In this context, it is crucial to successfully connect the eIDAS infrastructure with the National Contact Point so that the services can be compliant both with the eIDAS Regulation and the Directive EU/2011/24. This connection was initially successfully tested in eSENS project (eSENS, 2013). The results of eSENS in the Health Care domain regarding the connection of eIDAS infrastructure with National Contact Point are being briefly described in this article.
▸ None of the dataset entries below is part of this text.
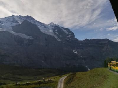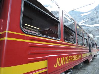 クライネ・シャイデックからユングフラウヨッホまで乗りました。とてもゴージャスな外装の車両が素敵でした。すでに車両が止まっていたので、前方の車両にはお客さんが乗っていたためか、駅員さんたちが後方の車両に乗るように案内していました。席は空いていたので、後方車両まで行くのが面倒だった私たちが乗ろうとすると、後方に乗るように指示されました。
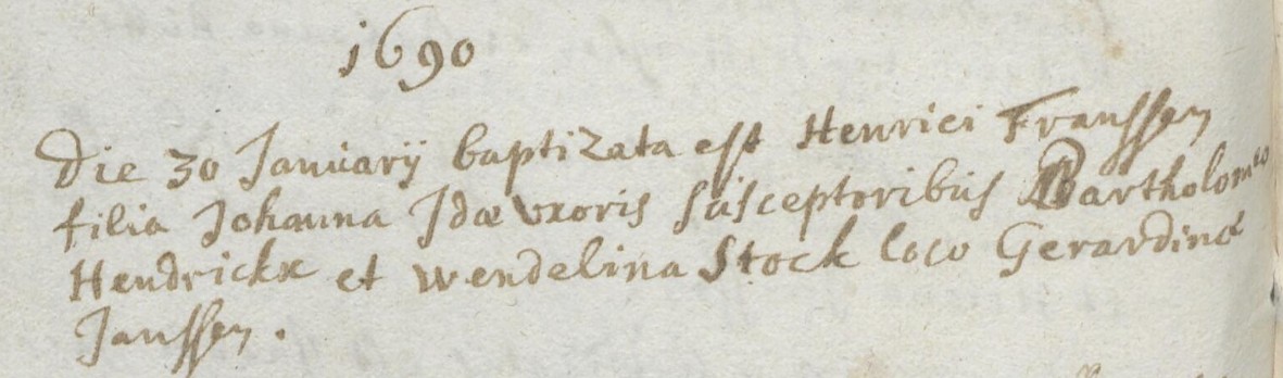 Zie onderstaande. Probleem is dat het in doopboeken uit deze tijd niet altijd gebruikelijk was om de naam van de moeder te vermelden, die dan ook ontbreekt in deze inschrijving.
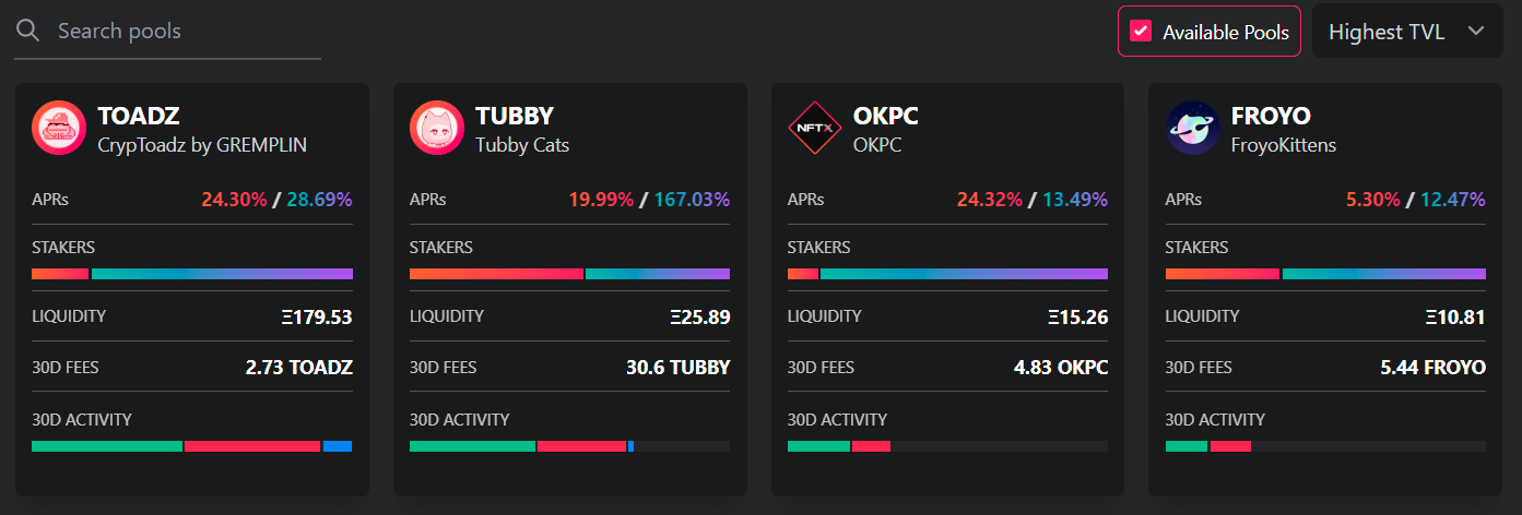 - Connect your wallet, and then press the “Available Pools” button to browse the NFTs you can deposit
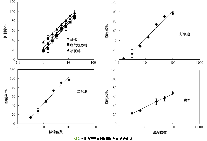 本實驗中陽性對照E2的EC50為15.05 ng·L-1,與Beck等[26]研究相比(EC50=48.96 ng·L-1),該方法的靈敏度較高,適用于廣范圍的水樣類型.水樣的β-半乳糖苷酶活性的劑量-效應(yīng)關(guān)系如圖 4所示.水樣的雌激素活性用濃縮倍數(shù)N表示時,進水、曝氣沉砂池、初沉池、好氧池、二沉池以及出水的EC50分別為2.07、2.02、2.45、7.57、8.29、7.89.將上述樣品用EEQE2表示時,其EEQE2分別為7.29、7.45、6.15、1.98、1.82、1.89 ng·L-1.與急性毒性、遺傳毒性類似,曝氣沉砂池的雌激素活性最強.人體的尿液中,雌激素以共軛的形式存在,通過物質(zhì)之間的化學作用或者微生物酶的作用,曝氣沉砂池中的雌激素以自由態(tài)的形式被釋放,這可能導(dǎo)致雌激素活性增加.整體而言,雌激素活性也隨著流程的進行逐漸降低.其中,好氧池對雌激素活性的去除率高達72.84%.這種去除效果可能是由于微生物的降解和污泥的吸附作用.尤其是A2/O工藝具有延長生物處理的特點,在脫氮除磷過程中,氨氧化菌可將雌激素物質(zhì)硝化,進而產(chǎn)生雌激素活性較低的產(chǎn)物,如E1和E2的硝化產(chǎn)物的活性低于母體本身.而加氯消毒沒有降低出水的雌激素活性,這可能是由于在消毒過程中產(chǎn)生的消毒副產(chǎn)物具有雌激素活性, 從而導(dǎo)致出水的雌激素活性比較恒定的現(xiàn)象,例如E1、E2和EE2的消毒副產(chǎn)物具有與母體相當?shù)拇萍に鼗钚?
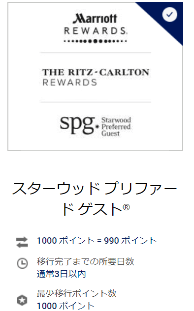 アメックスのメンバーシップ・リワードのポイント(1,000ポイント)をマリオット&SPGのポイント(Marriott Bonvoyポイント)(990ポイント)に交換することが可能です。
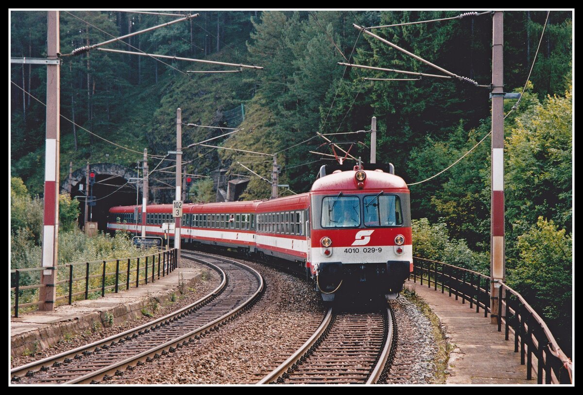 4010 029 fährt am 14.09.2000 als IC534 (Villach - Wien Süd) auf dem Kartnerkogelviadukt über den Semmering. Von der Reihe 4010 wurden von 1965 bis 1978 29 Einheiten geliefert, der 4010 029 war also der letztgebaute seiner Reihe.
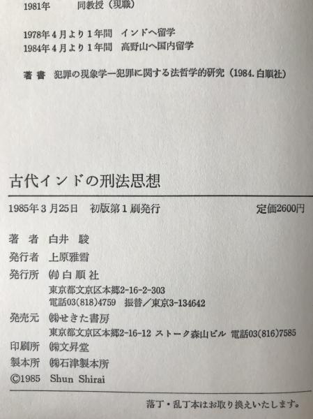 古代インドの刑法思想 初版第1刷
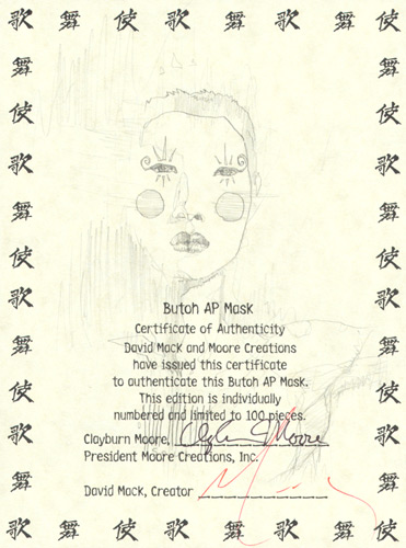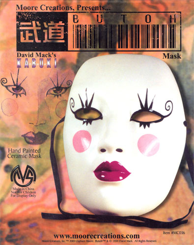 · On March 1, 2002, Moore Creations issued the following press release: "Moore Creations, Inc. is pleased to present the eighth, and final, mask to the already existing line of NOH Assassin masks based on David Mack's Kabuki comic. The Butoh Mask will finish out the collection out with a bang! If you've already begun collecting the series, you won't want to miss out on this final piece. Each individual mask in this collection is valuable, but together, they are priceless! With the previously released Kabuki and Siamese Twin Masks selling out, the remaining masks are available only in limited quantities. Be sure to get your Butoh Mask before, it too, is only a distant memory in the hearts and minds of those who missed out.
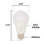The innovative Omni A19 LED with color temperature selection offers multiple kelvin options, allowing you to buy a single bulb and choose your preferred light appearance. You can easily switch between 2700K, 3000K, 3500K, 4000K, or 5000K to customize the ambiance of your setting to suit your mood.
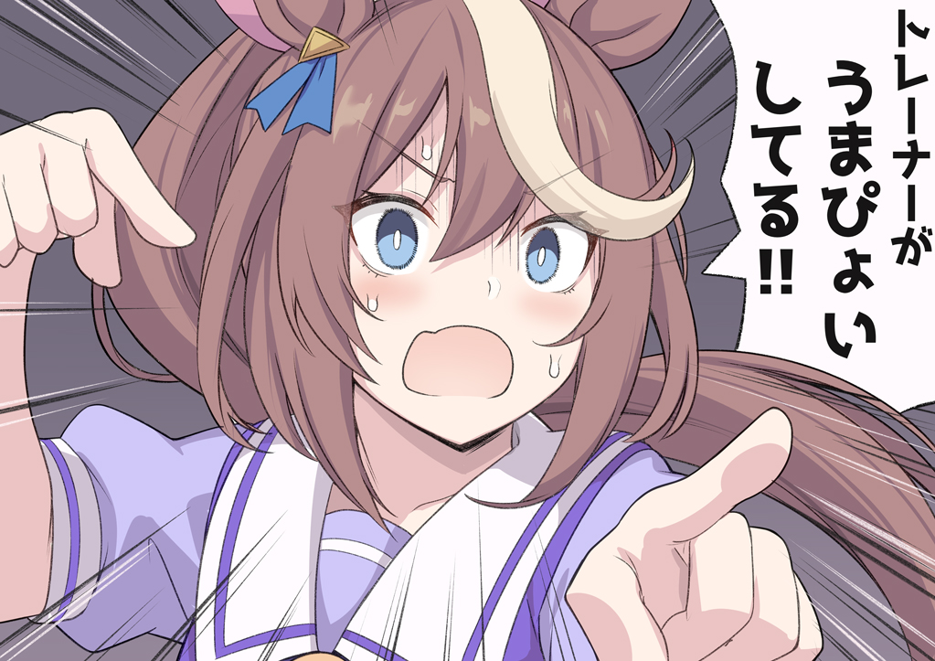 1girl animal_ears blue_bow blue_eyes blue_shirt blush bow bowtie breasts brown_hair hair_ribbon high_ponytail horse_ears horse_girl large_breasts long_hair looking_at_viewer multicolored_hair open_mouth pointing pointing_at_viewer ponytail puffy_short_sleeves puffy_sleeves ribbon sailor_collar school_uniform shirt shiseki_hirame short_sleeves sidelocks solo speech_bubble streaked_hair tokai_teio_(umamusume) tracen_school_uniform translated two-tone_hair umamusume umapyoi_(phrase) white_hair white_sailor_collar

This paper aims to facilitate and accelerate the discussion on the extension of eIDAS regulation in specific domain attributes considering the example of the health care domain. The architecture and the approach that was applied in eHealth can be reused as a generic paradigm for treating additional domains in a similar way. Currently, discussions are in progress with mandates on behalf of legal persons, academic information, financial and banking information for cross border services. Therefore the paper has the following objectives apart from presenting the current legal provisions of eIDAS regulation:

  • To highlight the existing limitations of the current architecture of the eIDAS node,

  • To propose a generic solution for aggregating and handling additional attributes in the eIDAS infrastructure applied in eHealth,

The structure of this article includes the following six sections:

  • 1.

    Section 1: Introduction

  • 2.

    Section 2: eIDAS Regulation, Commission Implementing Decisions

  • 3.

    Section 3: The eIDAS node as the main interoperability infrastructure for cross border authentication

  • 4.

    Section 4: The proposal of the eSENS project regarding the attribute handling for the generic health care scenario

  • 5.

    Section 5: The results of the eSENS work

  • 6.

    Section 6: Conclusion and future work

Eidas Regulation, Commission Implementing Decisions

The scope of Regulation (EU) N°910/2014 “on electronic identification and trust services for electronic transactions in the internal market and repealing Directive 1999/93/EC” (eIDAS Regulation) is i) to ensure that people and businesses can use their national Electronic IDs to authenticate themselves to public services that are offered by other EU countries and ii) raise trust between the stakeholders in the internal market.